One thing I found out is that getting calibrated accuracy beyond 0.1% is hard and expensive despite having all that precision.
This is contrary to what I've seen in a large ML shop, where architectural tuning was king.
Another approach I've seen is the "Diff transformer" from MS Research (https://github.com/microsoft/unilm/tree/master/Diff-Transfor...).
There's also NoPE, I think SmolLM3 "uses NoPE" (aka doesn't use any positional stuff) every fourth layer.
I understand that you can get highly power efficient XORs, for example. But if we go down this path, would they help with a matrix multiply? Or the bias term of a FFN? Would there be any improvement (i.e. is there anything to offload) in regular business logic? Should I think of it as a more efficient but highly limited DSP? Or a fixed function accelerator replacement (e.g. "we want to encrypt this segment of memory")

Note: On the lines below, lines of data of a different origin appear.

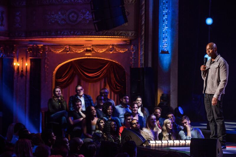 In The Bird Revelation, Dave sits center stage for a smaller crowd in what’s billed as a more “intimate and spontaneous” show in Los Angeles. Here, he tackles the recent wave of sexual-assault allegations coming out of Hollywood. Riffing on Harvey Weinstein, Kevin Spacey, and Charlie Rose, Chappelle reserves his more pointed commentary for fellow comedian Louis C.K., who has been accused of sexual misconduct by several women. In the wake of the accusations, C.K.’s movie I Love You, Daddy has been shelved, FX cut ties with C.K., TBS suspended production on a C.K.-produced animated series, and Netflix announced it wouldn’t be producing the comedian’s second planned comedy special.
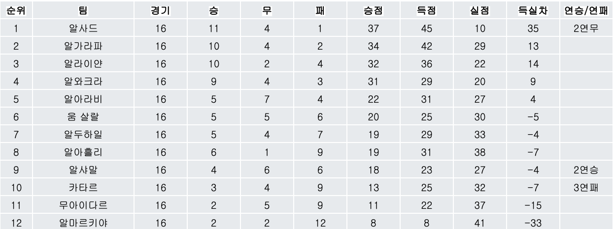 2. 리그 순위
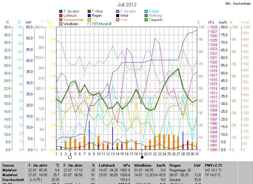 Der wärmste Tag war der 27.07.2012 um 16:00 mit 35.7°C. Am kältesten war es mit 9.4°C am 22.07.2012 um 05:35.
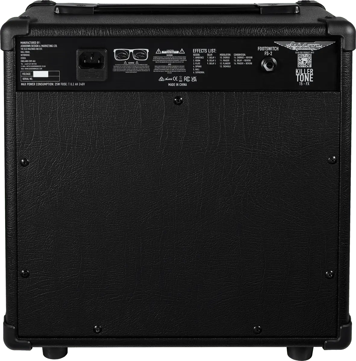 Meet the KT-15 FX, the latest addition to the AIl NEW Killer Tone practice amp series. This 15-watt powerhouse is meticulously designed to deliver Killer Tone day in and day out. Tuned to replicate the warmth of a tube amp, it's packed with modern features tailored for aspiring guitarists. With a 16-way digital effects unit, line input for jamming, and headphone out for silent practice, the KT-15 FX is your all-in-one solution for killer sound.
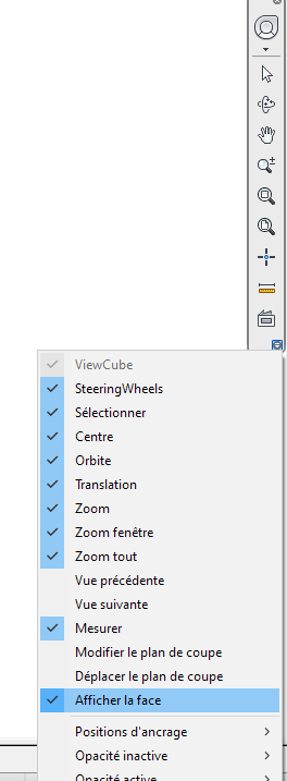 En activant cette fonction et en cliquant sur une face, le logiciel va positionner la pièce de manière à ce que l’élément sélectionné soit parallèle au plan de l’écran :
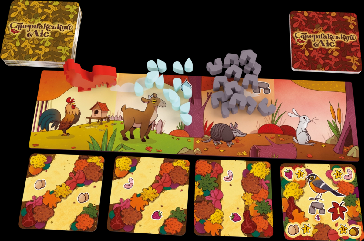 - Под игровым планшетом всегда будут размещаться три случайных карты троп и одна карта животного. У первого игрока есть выбор из всех четырех карт, а следующие выбирают из меньшего количества карт. На карте тропы изображена еда, а на картах животных ценность каждого вида пищи для этого животного, объем запаса пищи и количество победных очков за размещение в лесу. Рынок карт обновляется только в конце раунда.
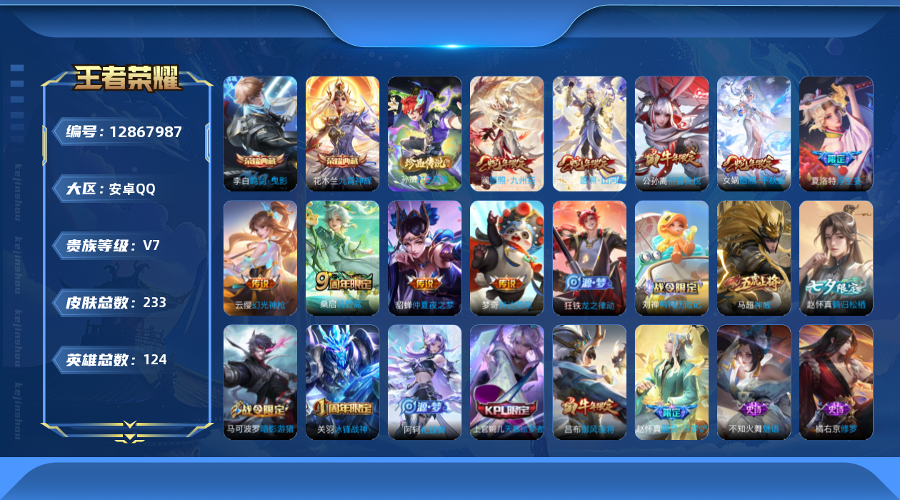 [12867987]安卓Q-V7-至尊星耀II段位-124英雄-233皮肤-2典藏-0珍品无双-0无双-1珍品传说-9传说-77史诗
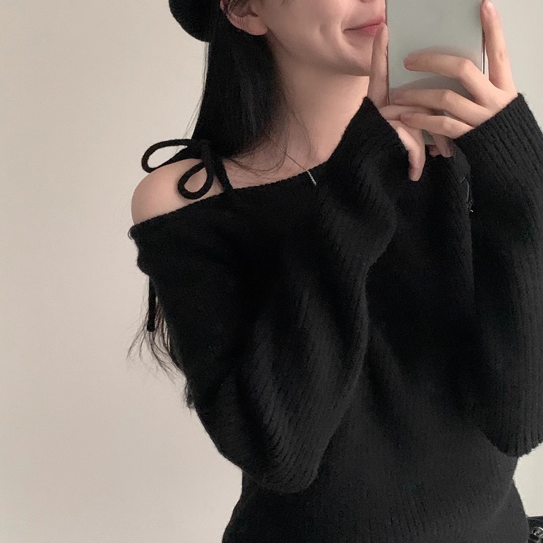 여성용 레드 레이스업 니트 가을 사선넥 오프숄더 리본 니치 슬림핏 우아한 상의 통근룩스토어 가기
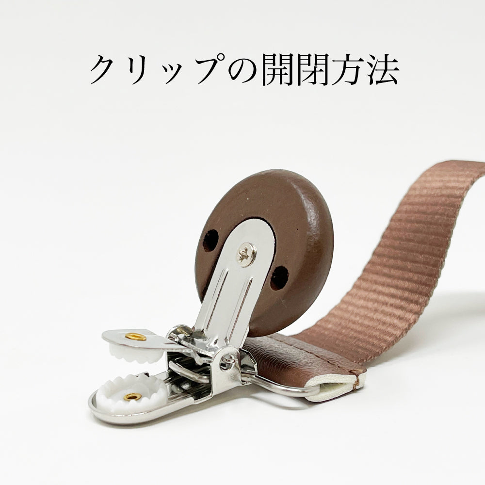 クリップをお子さまの服に、シリコンリングをおしゃぶりに装着します。
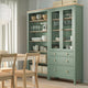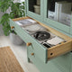 This pair offers plenty of closed and open storage. Both with a grey-green colour that brings nature's harmonious colour scale into your room – and stained shelves which highlight the beauty of the solid wood.
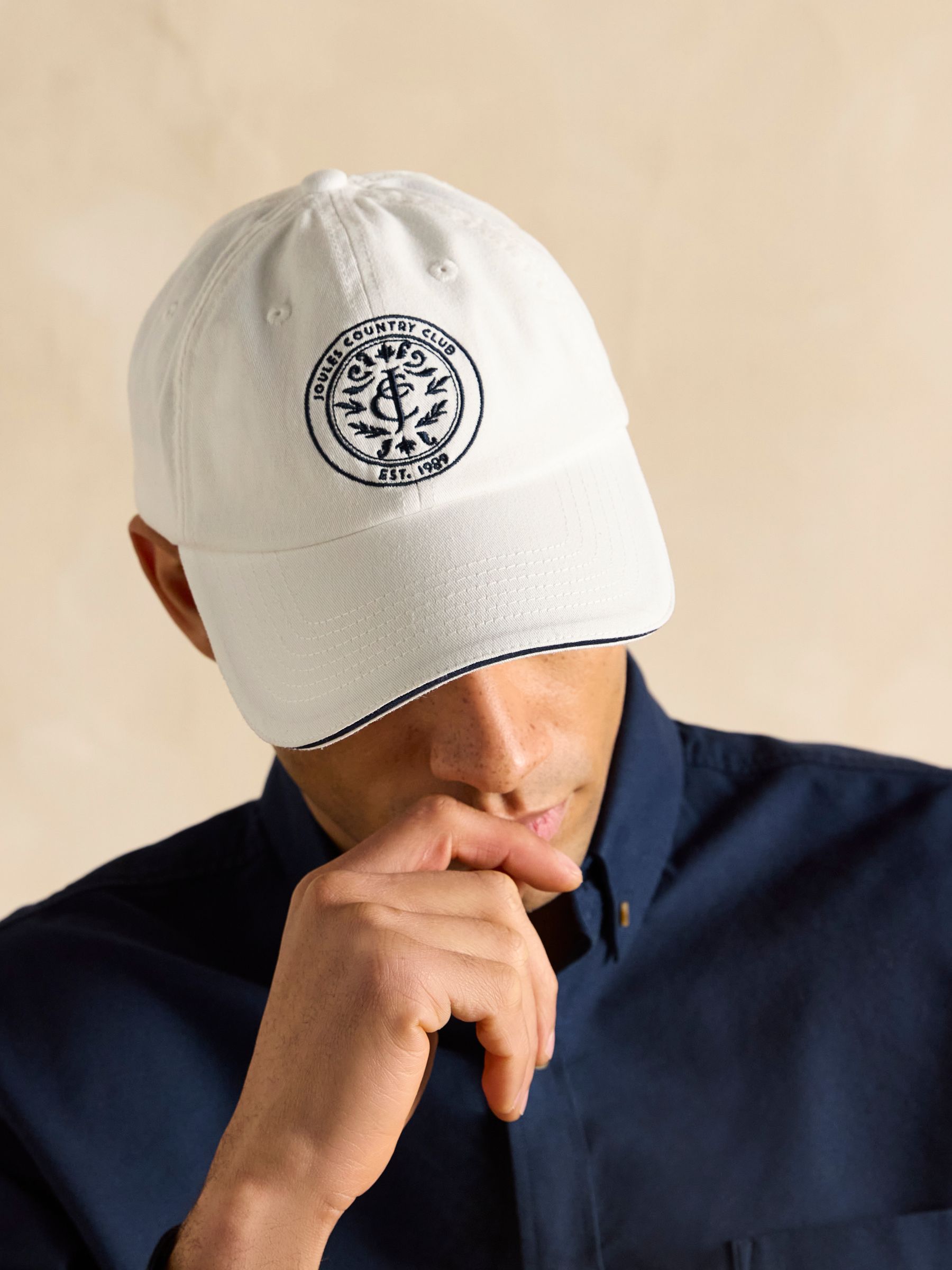 Nothing says time off attire quite like a baseball cap and the Daley is a laid-back style you'll wear everywhere. This everyday essential is crafted from 100% cotton, has breathable eyelets and features Joules branded embroidery to the centre front. A classic peak with topstitch detailing keeps the sun off your head, while the twill adjuster to the back and metal clasp allows for the perfect fit. Available for the whole family, there's matching Daley's for women and kids too. Cotton twill external adjuster. Metal clasp adjuster. Peak with top stitching. Breathable eyelets. Joules embroidery to the front

The tokens themselves are a form of compression. Lets say we have the word "WaffleHouse", character level this would be 11 tokens, but with an embedder this would be perhaps 2 or 3 tokens (I didn't actually run through the tokenizer but we could verify precisely). This matters a lot for on device processing especially.
So while we could get more intelligence out of the model by bumping up the "knowledge" parameters, the device would need to process more input and output tokens.
Another advantage on small devices is the embeddings are just a lookup table which requires little to no computation. Its the rest of the parameters that have the expensive matrix multplications, so if we increased those we'd also be increasing the number of FLOPs needed for a forward pass.
This blog post explains it well. https://www.adamcasson.com/posts/transformer-flops
So all this to say is there are definite tradeoffs between model size, performance on evals, and compute cost. We ran many internal experiments with different choices to see could work well, and then picked what we believed work will best for the open community.